Work to be completed:
Everything from the line holding "Blanchardstown; County of" through the last line of the data, and nothing else, should be retyped exactly, with no pictures.

Available data:
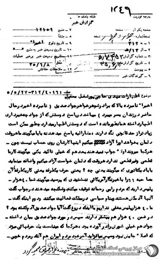 اخیراً نامبرده بالا که برادر شوهر خواهر جواد صدیق (نامبرده اخیر در حال حاضر در زندان به سر میبرد) میباشد در پاسخ دوستش که از جواد چه خبر داری اظهار داشته همانطور مانده است که دوستش اظهار میدارد چطور ممکن است زیادتر از حد قانونی نگه دارند، مشارالیه پاسخ میدهد نه بابا میگویند ما هر وقت دلمان بخواهد او را آزاد میکنیم اینها کارشان روی حساب نیست چون- هر کجا میروند اولاً جواب نمیدهند بعد هم که خیلی تاکید بکنی میگویند کار ما قطعی و غیر قطعی ندارد هر وقت که دلمان خواست آزاد میکنیم و اضافه مینماید بابا دیکتاتوری که میگویند یعنی چه؟ یعنی حرف یکطرفه یعنی کار یکطرفه آن مصاحبه 66 را با خبرنگار آمریکایی نشنیدی که پرسید میگویند شما 4۰ هزار پلیس دارید که مردم را بیرحمانه توقیف میکنند و شکنجه میدهند در جواب گفت آنها آدمکش هستند و به نام سیاسی در مملکت فعالیت میکنند و دوم اینکه گفت ما 4۰ هزار پلیس مخفی نداریم با اینکه دروغ گفت آیا جواد صدیق آدم کشته بود. در ضمن 40 هزار هم بیشتر دارند سپس در مورد جواد صدیق بیان داشته جواد هم خیلی شورش را درآورده بود، هر کجا که مینشست یک حرفهایی میزد که اصلاً جایش نبود و سپس میافزاید آخر خود مردم ایران هم آنقدر مردم خوبی نیستند، اصلاً بد استفاده میکنند مثلاً هر ادارهای که میروی رئیس آن کارمندان اداره، کارها را به عقب میاندازند، رشوه میخورند، آخر برای این مردم که از رئیس گرفته تا این کدخدا و بقال که در دهات است همه دزدند و بدجنس بروی خودت را به سمت نابودی بکشی، اصلاً مردم ایران بدجوری بار آمدهاند، سپس از کشورهای دیگر شروع به صحبت نمود که با این که دین ندارند چطور مردمش وظیفه شناس و انسان دوست و سپس میافزاید این دین و تبلیغات مذهبی که در ایران است، اگر در کشورها بود آنها فرشته میشدند /
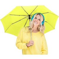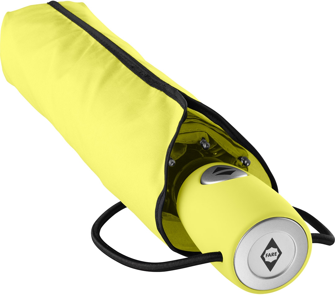 Convenient automatic open/close function for quick opening and closing, high-quality Windproof PLUS system for maximum frame flexibility in stormy conditions, depending on the colour, also available with waterSAVE® label on the closing strap (with new deliveries), chromed steel shaft, Soft-Touch handle in colour matching cover with silver push-button, elastic loop and promotional labelling option, sleeve with black piping. Also available as another mini pocket umbrella (art. 5565), as regular umbrella (art. 7560) and golf umbrella (art. 7580).
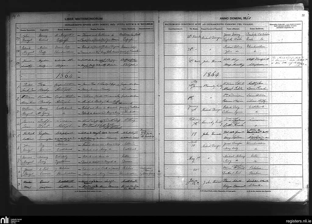 Blanchardstown; County of Dublin; Archdiocese of Dublin. Marriages, Nov. 1863 to June 1864
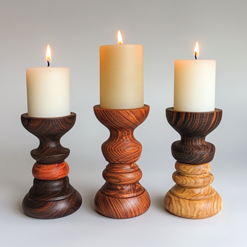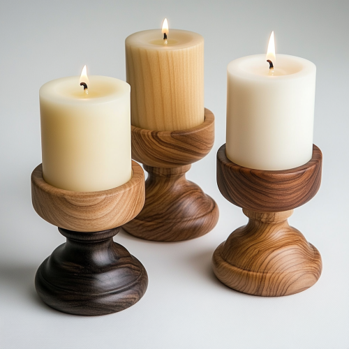 make a pillar holder, in three different different wood combinations, use three different different wood in a single candle pillar holder, on white background.
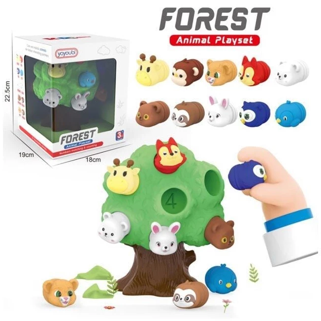 Яскрава розвивальна іграшка являє собою пластикове дерево висотою 17 см з отворами для фігурок. Набір включає 10 м'яких фігурок тварин та елементи з цифрами. Іграшка призначена діткам від 3 років. Сортер виконаний у стильному дизайні та насичених кольорах. Відмінний подарунок для розвитку та щоденних розваг.

Task solution:
 Blanchardstown; County of Dublin; Archdiocese of Dublin. Marriages, Nov. 1863 to June 1864
 make a pillar holder, in three different different wood combinations, use three different different wood in a single candle pillar holder, on white background.
 Яскрава розвивальна іграшка являє собою пластикове дерево висотою 17 см з отворами для фігурок. Набір включає 10 м'яких фігурок тварин та елементи з цифрами. Іграшка призначена діткам від 3 років. Сортер виконаний у стильному дизайні та насичених кольорах. Відмінний подарунок для розвитку та щоденних розваг.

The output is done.